Mass arrests of Anglophone Cameroon separatistsBy YUH TIMCHIA in Yaounde | Monday, October 1 2012 at 18:42
Security forces cracked down on an early morning church Mass in Buea in the southwest region of Cameroon where suspected separatists converged for the yearly commemoration of October 1.
This is a day which the separatists say the formerly British-administered southern Cameroon was denied the option of seceding in a referendum that united the English-speaking region with the former French territory in 1961.
In the days leading up to October 1, scores of other suspected secessionists were rounded up in English-speaking towns like Ekona, Mutenguene, Tiko, Mile 14 and Limbe.
Over 100 suspected activists were arrested in the Buea sweep, including the vice-chairman of the Southern Cameroons National Council (SCNC), Mr Nfor Ngalla Nfor, Catholic catechist Marguerite
Ngalla, local journalist and activist Martin Fon Yembe and his Nigerian counterpart Bashiru Ebua.
The vice-chairman of another separatist movement, the Southern Cameroons Peoples Organisation (SCAPO), Mr Augustine Ndangam, was arrested on Sunday in the north-west region before he could board a bus for the commemoration in Buea.
Tight police measures deterred them from holding any public demonstrations this year, the reason why they resorted to turning to houses of prayer.
Unconfirmed reports said the southern Cameroon flag was hoisted early Monday at Ayato, near the Mungo Bridge that separates the French speaking and English speaking parts of the country.
Created in 1995, SCNC calls for the independence of their territory.
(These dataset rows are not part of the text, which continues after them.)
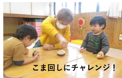
こま回しにチャレンジ！
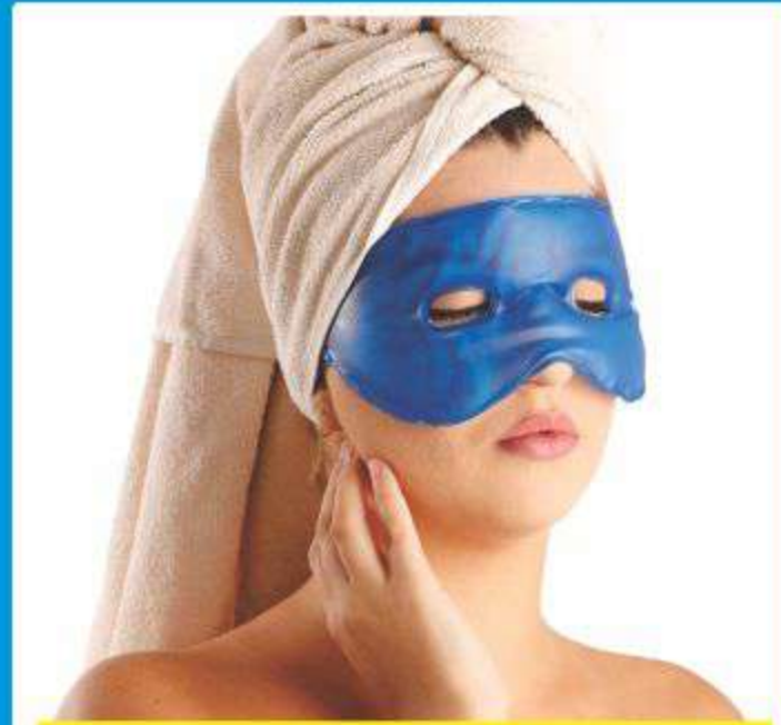
Máscara Gel Hot/Cold Ref.: AC067
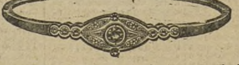
Núm. 203/83.—Pulsera oro de ley con platino, nueve brillantes, diamantes y rubíes. Ptas. 500.
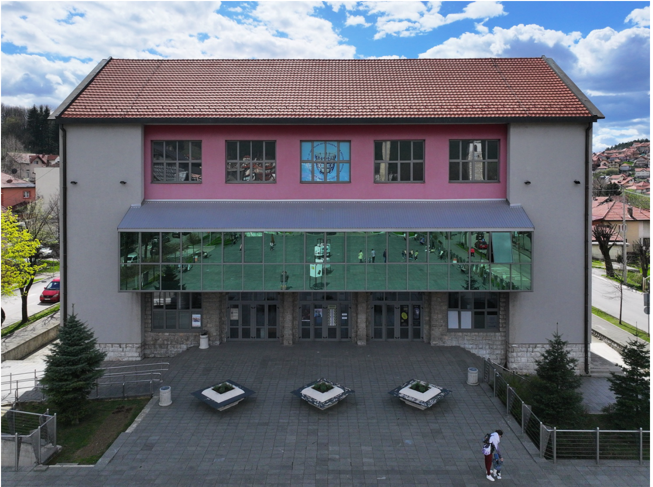
Предња страна Дома културе
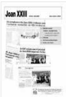
JOAN XXIII ROIG I NEGRE Butlletí de la secció sindical de CGT a l'Hospital Joan XXIII de Tarragona, c/Joaquim Mallfré 4, Tarragona, tel. 645 102 243
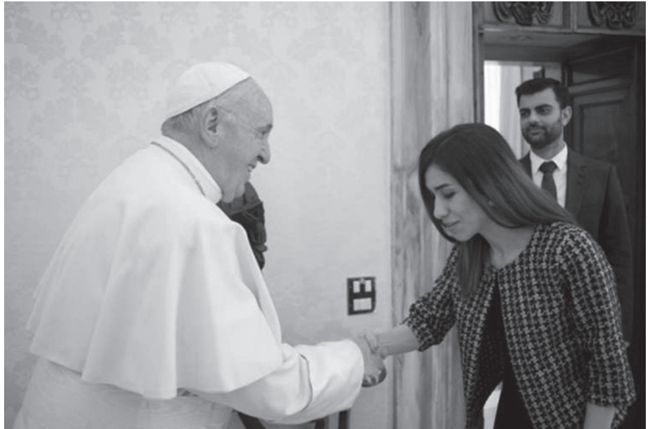
ရသလို ညှင်းပန်ခြင်း မျှော်စုံ ခံခဲ့ ကြရသည်။ နာဒီယားသည် ငြိမ်းချမ်းရေးဆု ရ

အိုင်အက်စ်တို့၏ လက်တွင်း၌ ခရစ်ယာန်များ သာမက အခြား လူမျိုးစုဝင်များ၊ လူနည်းစု ဘာသာဝင်များ အသတ်ခံ
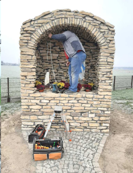
podświetlenie groty LED /grudzień/ będzie jeszcze tabliczka pamiątkowa
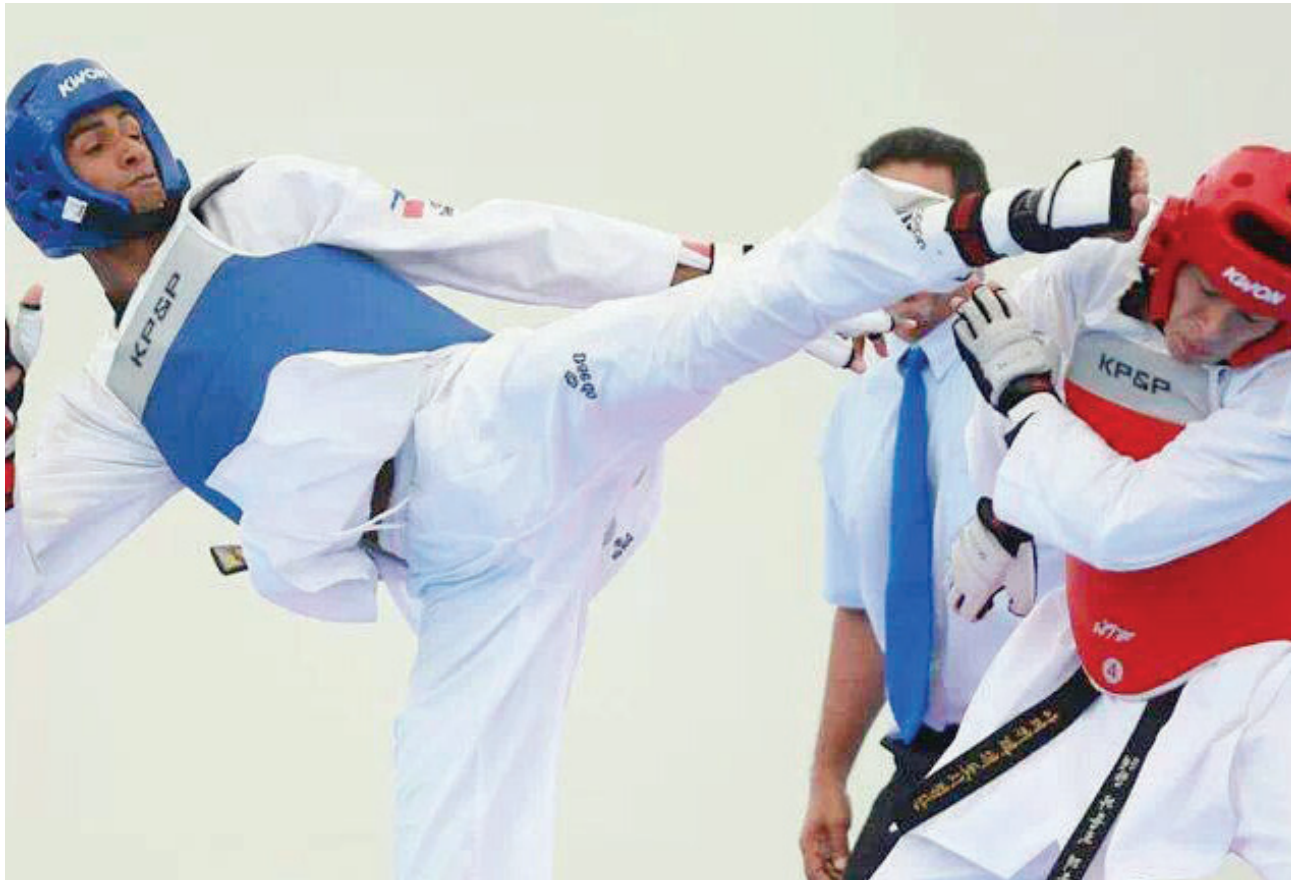
El dominicano Moises Hernández tuvo una gran actuación en el Campeonato Mundial de Taekwondo.

El dominicano Moisés Hernández ganó la medalla de bronce en el Mundial de Taekwondo celebrado en la ciudad de Manchester, en Inglaterra.

Together with several other movements with a similar agenda, they complain Anglophone Cameroonians were being relegated to the fringes of the 50-year-old union by Yaoundé authorities.
The separatist agenda is widely accepted in the English-speaking Southwest and Northwest regions.
However, it is met with hostility by the Anglophone elite who are accused of having abusing their proximity to President Paul Biya.
The government has outlawed the SCNC and its sister movements, on account that there were no problems peculiar to Aglophone Cameroon.